The Langston League has created an episode-by-episode syllabus for Lovecraft Country.
HBO’s Lovecraft Country is a strange and unexpected television experience, rife with arcane allusions, uncanny twists, and a wonderfully anachronistic soundtrack. I’ve never been much of a supernatural horror fan but I am as engrossed by the series as I am occasionally bewildered by it. Most of my confusion derives from the shifting, oneiric “logic” that guides the show, but it’s also rich in allusive historical detail drawn from the Black American experience.
So I was happy to discover this actual episode-by-episode “unofficial” syllabus created by the Langston League which seeks to “highlight the Black history and Black innovation(s) mentioned in and connected to #lovecraftcountry. We uplift the labor of Black authors, Black musicians, Black filmmakers, Black podcasters, Black artisans, Black leaders, and all the Black people creating mirrors.”
More specifically, these syllabi unpack and provide context for Lovecraft Country’s many historical allusions and references, and recommend multiple sources—podcasts, books, documentaries—to help interested viewers expand their knowledge of Black history (the better, one hopes, to understand how that history is at work in the present day).
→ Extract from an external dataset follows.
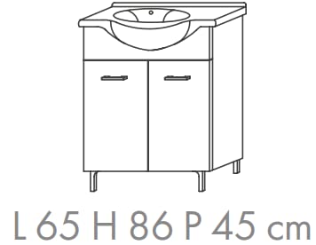 Mobile bagno a terra 65 cm Ambra in legno Rovere Grigio con Lavabo in ceramica e specchio con lampada Led

For example, episode one—“Sundown”—presents a harrowing scenario around the old Jim Crow designation of the “sundown town,” an arbitrary, quasi-legal curfew in any given jurisdiction used to justify horrendous and racist acts of murder and cruelty all over the country (not just the South). As the syllabus for episode one elaborates:
This episode reintroduces us to “Old Jim Crow” across region and state lines. We are shown sundown towns: all-white and segregated municipalities or neighborhoods in the U.S. that practiced racial segregation by excluding Black people via intimidation and violence, especially after the sun set. During one of the first few moments of the episode, Atticus gives the finger to a “Leaving Kentucky” sign, right after a bridge named after “another dead slave owner.”
A bridge like the Edmund Pettus Bridge that civil rights activists walked across on Bloody Sunday, named for an enslaver and Confederate soldier. A bridge like the Roebling Bridge that connected Kentucky and Ohio—only built on the promise that Kentucky would be reimbursed for every enslaved person who used the bridge to escape to freedom.
The episode one syllabus also recommends mid-century travel guides for Black Americans (The Green Book and Hackley and Harrison’s Hotel and Apartment Guide for Colored Travelers), Joyce Hansen’s Breaking Ground, Breaking Silence: The Story of New York’s African Burial Ground, an episode of NPR’s Codeswitch all about Chicago’s “Red Summer,” Maryes Condé’s I, Tituba, Black Witch of Salem, and a whole lot more.
And while I understand for many TV is the best possible chance to escape the world’s mundane and ever-present horrors, might I suggest there’s nothing so escapist as a good research rabbit-hole?